The task: Output exactly the lines below, starting with the line that has "Il giorno dopo" and going on through the line that has "Nun kann man", both included, and no other lines.

Records for the task:
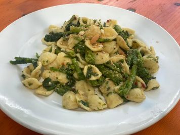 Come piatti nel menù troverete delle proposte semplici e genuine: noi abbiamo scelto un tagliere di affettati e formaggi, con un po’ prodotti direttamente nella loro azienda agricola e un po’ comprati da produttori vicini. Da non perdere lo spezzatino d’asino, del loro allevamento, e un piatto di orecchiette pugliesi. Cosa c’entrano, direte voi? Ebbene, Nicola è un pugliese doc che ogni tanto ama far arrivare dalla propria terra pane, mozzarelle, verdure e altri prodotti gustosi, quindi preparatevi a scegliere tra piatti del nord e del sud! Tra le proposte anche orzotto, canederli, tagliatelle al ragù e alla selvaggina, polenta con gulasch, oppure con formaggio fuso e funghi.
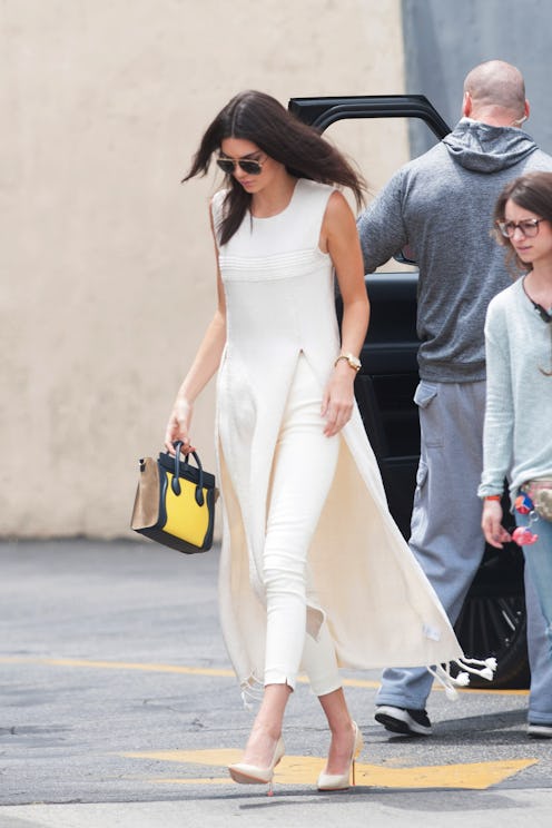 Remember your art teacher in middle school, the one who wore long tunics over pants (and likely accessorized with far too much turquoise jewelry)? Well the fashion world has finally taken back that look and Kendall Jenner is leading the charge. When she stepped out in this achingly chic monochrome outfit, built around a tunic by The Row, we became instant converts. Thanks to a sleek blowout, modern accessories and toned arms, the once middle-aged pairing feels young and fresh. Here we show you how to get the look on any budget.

---

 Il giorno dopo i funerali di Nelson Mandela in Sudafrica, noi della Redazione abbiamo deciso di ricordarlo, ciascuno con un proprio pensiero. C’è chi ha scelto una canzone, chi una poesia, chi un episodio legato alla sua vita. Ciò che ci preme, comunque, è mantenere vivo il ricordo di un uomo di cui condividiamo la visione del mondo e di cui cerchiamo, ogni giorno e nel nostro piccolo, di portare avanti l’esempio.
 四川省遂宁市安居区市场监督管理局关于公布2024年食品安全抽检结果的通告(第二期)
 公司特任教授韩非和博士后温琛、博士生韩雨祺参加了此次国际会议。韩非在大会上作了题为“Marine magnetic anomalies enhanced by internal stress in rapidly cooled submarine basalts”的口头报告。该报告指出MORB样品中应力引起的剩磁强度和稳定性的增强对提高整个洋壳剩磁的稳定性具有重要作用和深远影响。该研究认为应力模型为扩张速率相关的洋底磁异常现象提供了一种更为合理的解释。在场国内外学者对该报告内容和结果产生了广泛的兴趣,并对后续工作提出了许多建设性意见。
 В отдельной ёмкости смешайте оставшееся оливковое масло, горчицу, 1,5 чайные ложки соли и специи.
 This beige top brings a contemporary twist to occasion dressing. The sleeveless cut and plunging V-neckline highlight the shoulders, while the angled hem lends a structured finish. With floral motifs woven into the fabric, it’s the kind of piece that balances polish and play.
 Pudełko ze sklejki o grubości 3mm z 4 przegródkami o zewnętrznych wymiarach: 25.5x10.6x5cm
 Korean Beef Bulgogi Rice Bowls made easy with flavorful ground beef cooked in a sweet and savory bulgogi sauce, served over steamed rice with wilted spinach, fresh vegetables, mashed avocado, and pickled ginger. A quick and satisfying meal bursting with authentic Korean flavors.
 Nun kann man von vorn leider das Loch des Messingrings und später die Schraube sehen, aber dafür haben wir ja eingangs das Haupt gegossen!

Solved exercise:
 Il giorno dopo i funerali di Nelson Mandela in Sudafrica, noi della Redazione abbiamo deciso di ricordarlo, ciascuno con un proprio pensiero. C’è chi ha scelto una canzone, chi una poesia, chi un episodio legato alla sua vita. Ciò che ci preme, comunque, è mantenere vivo il ricordo di un uomo di cui condividiamo la visione del mondo e di cui cerchiamo, ogni giorno e nel nostro piccolo, di portare avanti l’esempio.
 四川省遂宁市安居区市场监督管理局关于公布2024年食品安全抽检结果的通告(第二期)
 公司特任教授韩非和博士后温琛、博士生韩雨祺参加了此次国际会议。韩非在大会上作了题为“Marine magnetic anomalies enhanced by internal stress in rapidly cooled submarine basalts”的口头报告。该报告指出MORB样品中应力引起的剩磁强度和稳定性的增强对提高整个洋壳剩磁的稳定性具有重要作用和深远影响。该研究认为应力模型为扩张速率相关的洋底磁异常现象提供了一种更为合理的解释。在场国内外学者对该报告内容和结果产生了广泛的兴趣,并对后续工作提出了许多建设性意见。
 В отдельной ёмкости смешайте оставшееся оливковое масло, горчицу, 1,5 чайные ложки соли и специи.
 This beige top brings a contemporary twist to occasion dressing. The sleeveless cut and plunging V-neckline highlight the shoulders, while the angled hem lends a structured finish. With floral motifs woven into the fabric, it’s the kind of piece that balances polish and play.
 Pudełko ze sklejki o grubości 3mm z 4 przegródkami o zewnętrznych wymiarach: 25.5x10.6x5cm
 Korean Beef Bulgogi Rice Bowls made easy with flavorful ground beef cooked in a sweet and savory bulgogi sauce, served over steamed rice with wilted spinach, fresh vegetables, mashed avocado, and pickled ginger. A quick and satisfying meal bursting with authentic Korean flavors.
 Nun kann man von vorn leider das Loch des Messingrings und später die Schraube sehen, aber dafür haben wir ja eingangs das Haupt gegossen!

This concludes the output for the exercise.